Re: [R] Proportion test in three-chices experiment

From: Jonathan Baron <baron_at_psych.upenn.edu>
Date: Mon 18 Jul 2005 - 05:05:52 EST

> Thanks for your reply, Jonathan. Thanks also to Spencer, who suggested
> using the BTm function. I realize that my description of both the
> experiment and the involved issue was not clear. Let me try again:
>
> My subjects do a recognition task where I present stimuli belonging to
> three different classes (let us say A, B, and C). There are many of
> them. Subjects are asked to recognize each stimulus as belonging to one
> of the three classes (forced-choice design). This is done under two
> different conditions (say conditions 1 and 2).
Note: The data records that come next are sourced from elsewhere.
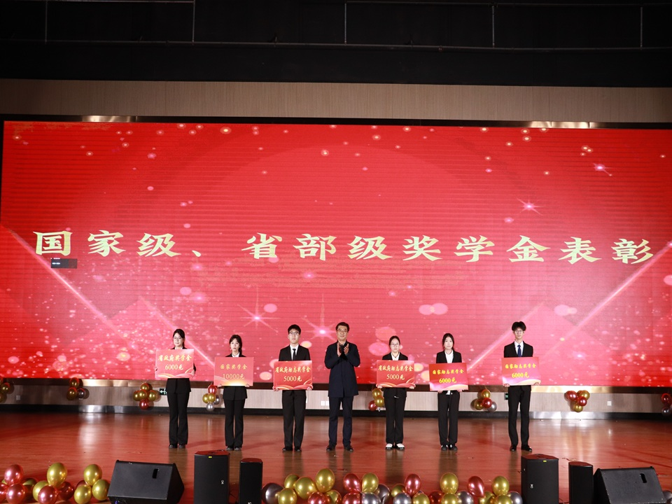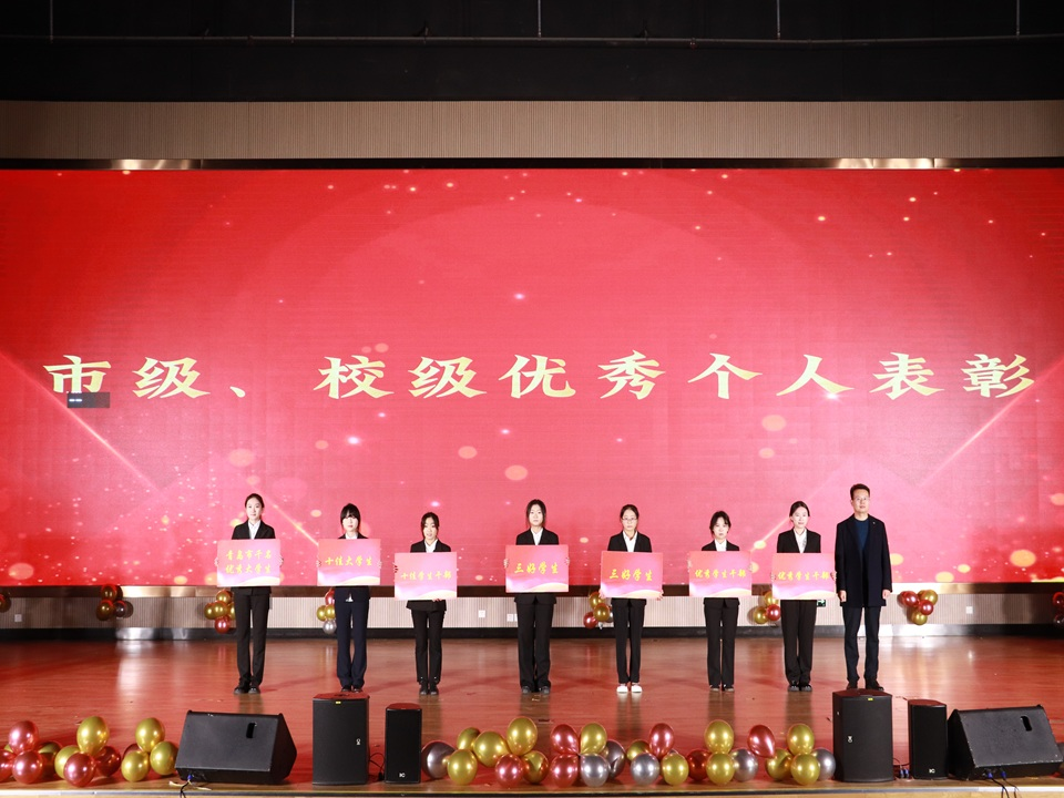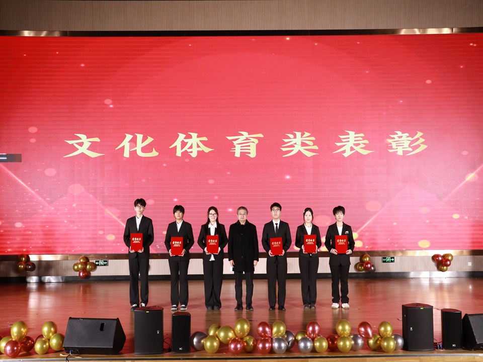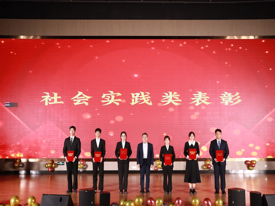 表彰典礼上,颁奖嘉宾向受表彰的集体和个人颁发荣誉证书,勉励同学们砥砺前行。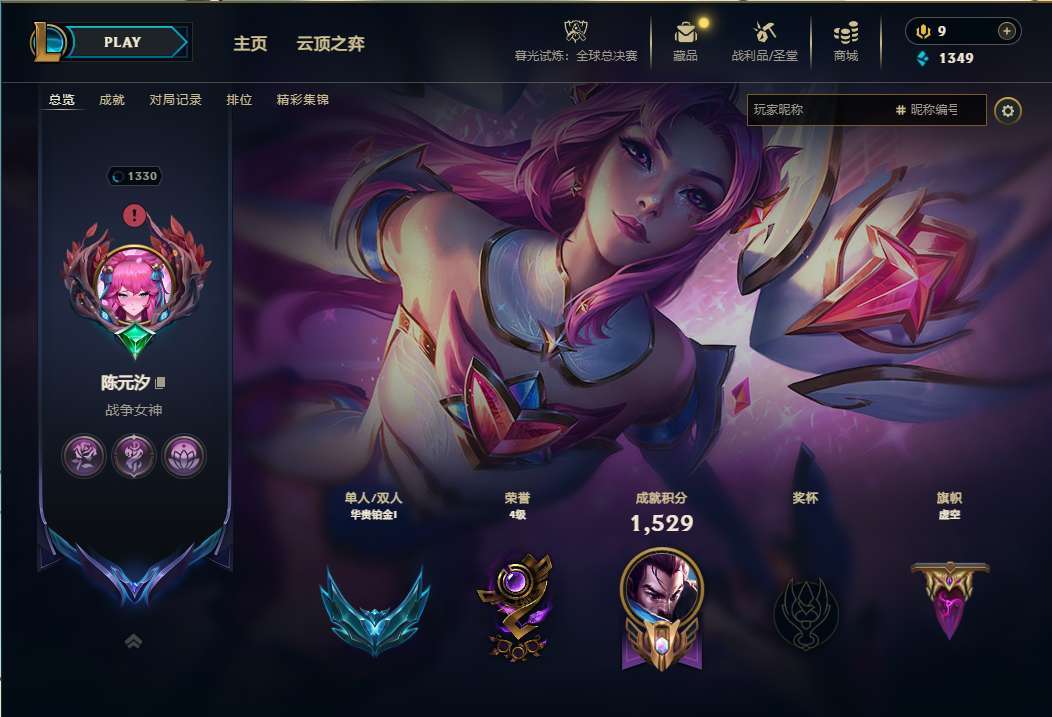 段位:1330级 华贵铂金IV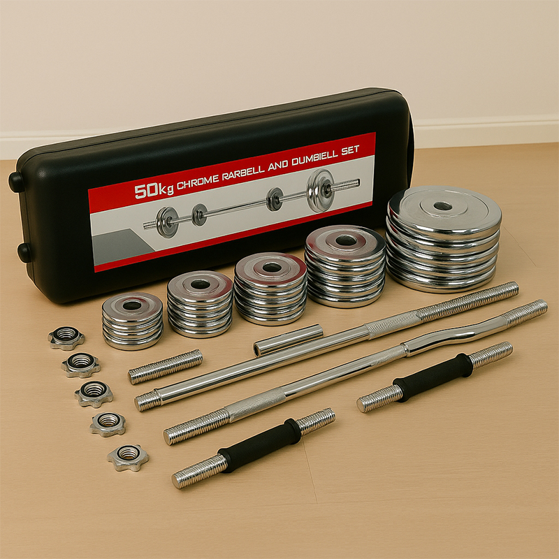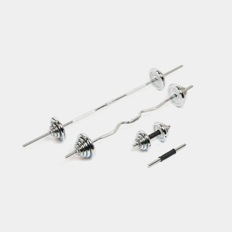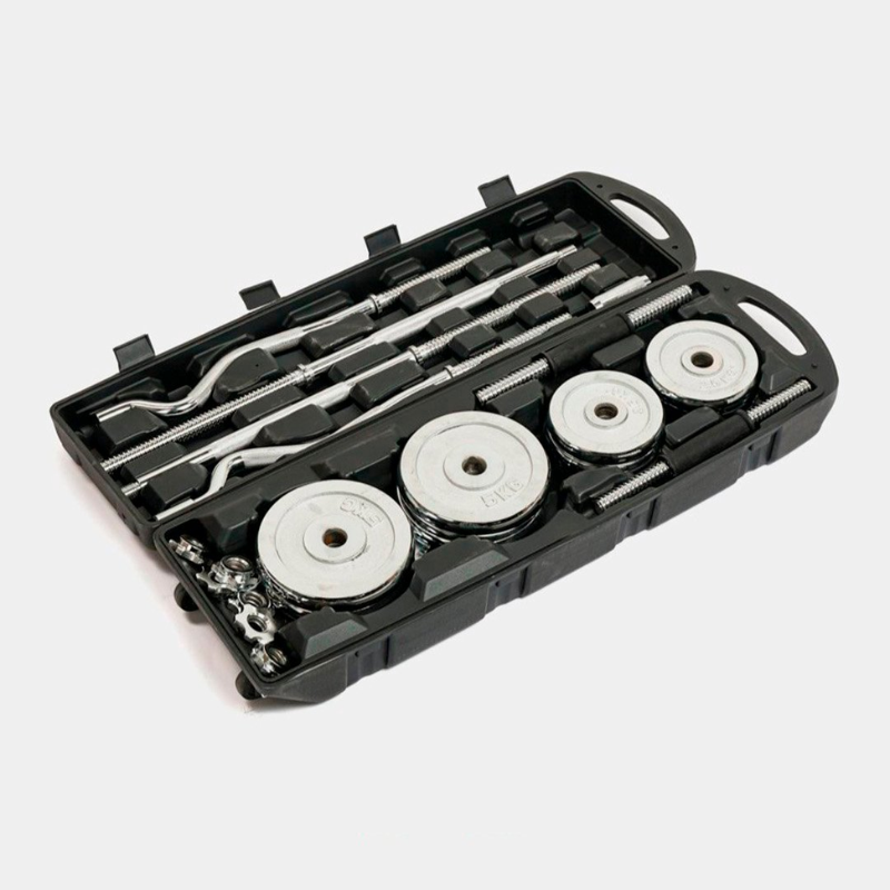 Повысьте эффективность тренировок с премиальным набором разборных гантелей и штанг от Dreamfit! В комплект входят: ✔ Изогнутая и прямая штанги ✔ Две гантели с прорезиненными ручками ✔ Соединительная труба для узкого хвата 20 дисков (от 0,5 до 5 кг) позволяют гибко регулировать вес, а надежные звездообразные замки (гайки Вайдера) обеспечивают безопасность. Все элементы выполнены из прочного хромированного металла, а насечки на грифах обеспечивают надежный хват. Удобный пластиковый кейс для хранения и транспортировки в комплекте. Выбирайте качество и универсальность!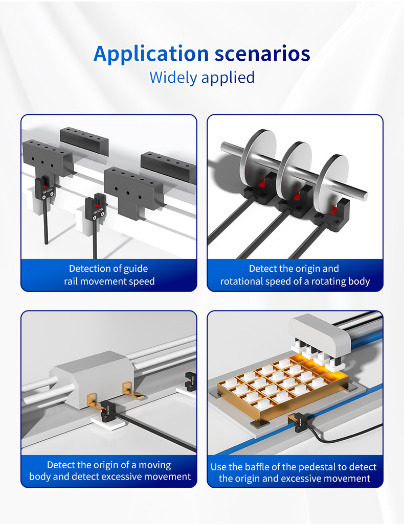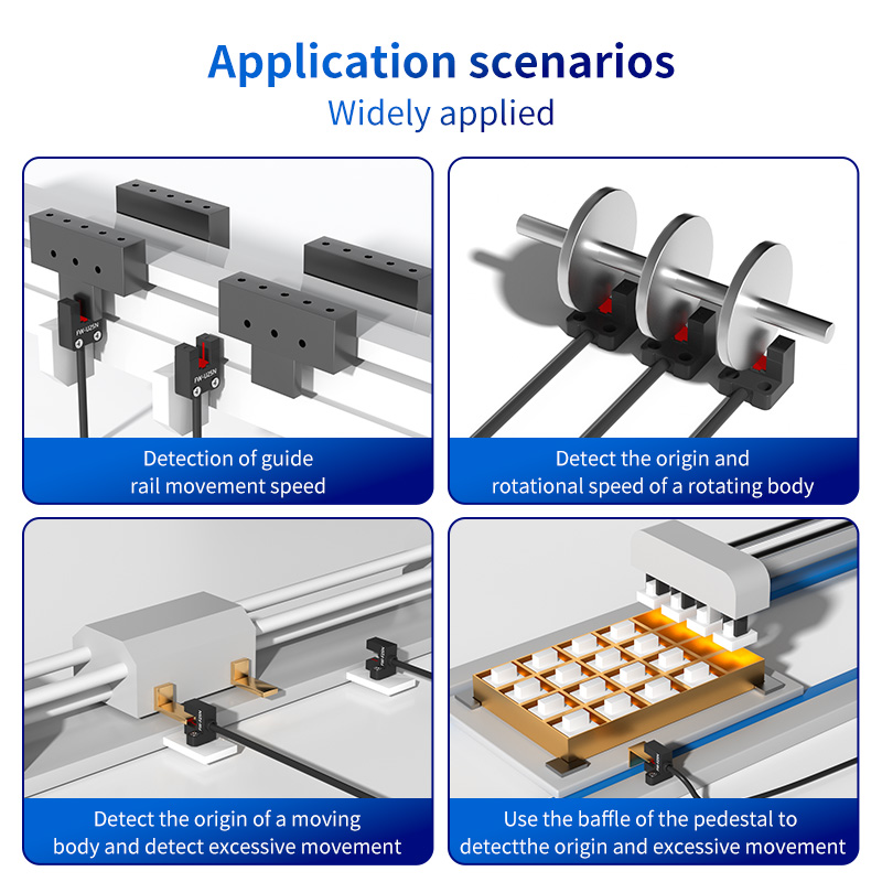 Tính linh hoạt của cảm biến rãnh chữ U FW25 khiến nó trở thành bộ phận được sử dụng trong nhiều ngành công nghiệp, bao gồm đóng gói, xử lý vật liệu, gia công CNC và tự động hóa lắp ráp. Phát hiện tốc độ di chuyển của ray dẫn hướng: Trong các hệ thống chuyển động tuyến tính, một lá cờ gắn trên xe đang chuyển động có thể đi qua rãnh chữ U. Bằng cách đếm các xung theo thời gian, FW25 có thể tính toán chính xác tốc độ tuyến tính của ray dẫn hướng, cho phép giám sát và kiểm soát tốc độ. Phát hiện nguồn gốc và hành trình quá mức của vật thể chuyển động: Cảm biến hoàn toàn phù hợp với trình tự dẫn đường. Một tab trên bộ truyền động tuyến tính hoặc cánh tay robot đi qua rãnh, cung cấp tín hiệu "nhà" hoặc "gốc" chính xác cho bộ điều khiển. Ngoài ra, cảm biến thứ hai có thể được đặt ở cuối hành trình để phát hiện hành trình quá mức, ngăn ngừa hư hỏng cơ học và đảm bảo an toàn khi vận hành. Phát hiện nguồn gốc và tốc độ quay của Thân quay: Gắn một mấu đơn hoặc bánh xe nhiều răng trên trục quay. Khi mỗi tab đi qua rãnh 5 mm, FW25 sẽ tạo ra một xung. Một xung trên mỗi vòng quay cung cấp dữ liệu gốc, trong khi nhiều xung cho phép tính toán tốc độ quay (RPM) chính xác, cần thiết cho việc điều khiển động cơ và giám sát quá trình. Sử dụng với Vách ngăn Giá đỡ để Định vị: Nhiều hệ thống sử dụng vách ngăn cố định, đơn giản. FW25 có thể được ghép nối với giá đỡ hoặc thiết bị cố định tùy chỉnh để phát hiện sự hiện diện hoặc vị trí của các vách ngăn này, tạo ra một hệ thống chuyển đổi giới hạn đơn giản và tiết kiệm chi phí.

I end up with matrices of
> counts like this (in R notation):
>
> # under condition 1
> c1 <- t (matrix (c (c1AA, c1AB, c1AC,
> c1BA, c1BB, c1BC,
> c1CA, c1CB, c1CC), nc = 3))
> # under condition 2
> c2 <- t (matrix (c (c2AA, c2AB, c2AC,
> c2BA, c2BB, c2BC,
> c2CA, c2CB, c2CC), nc = 3))
>
> where "cijk" is the number of times the subject gave answer k when
> presented with a stimulus of class j, under condition i.
>
> The issue is to test whether subjects perform better (in the sense of a
> higher recognition score) in condition 1 compared with condition 2. My
> first idea was to test the global recognition rate, which could be
> computed as:
>
> # under condition 1
> r1 <- sum (diag (c1)) / sum (c1)
> # under condition 2
> r2 <- sum (diag (c2)) / sum (c2)
>
> The null hypothesis is that r1 is not different from r2. I guess that I
> could test it with the chisq.test function, like this:
>
> p1 <- sum (diag (c1))
> q1 <- sum (c1) - p1
> p2 <- sum (diag (c2))
> q2 <- sum (c2) - p2
> chisq.test (matrix (c(p1, q1, p2, q2), nc = 2))
>
> What do you think?
>
> I also thought about testing the triples like [c1AA, c1AB, c1AC] against
> [c2AA, c2AB, c2AC], hence my original question.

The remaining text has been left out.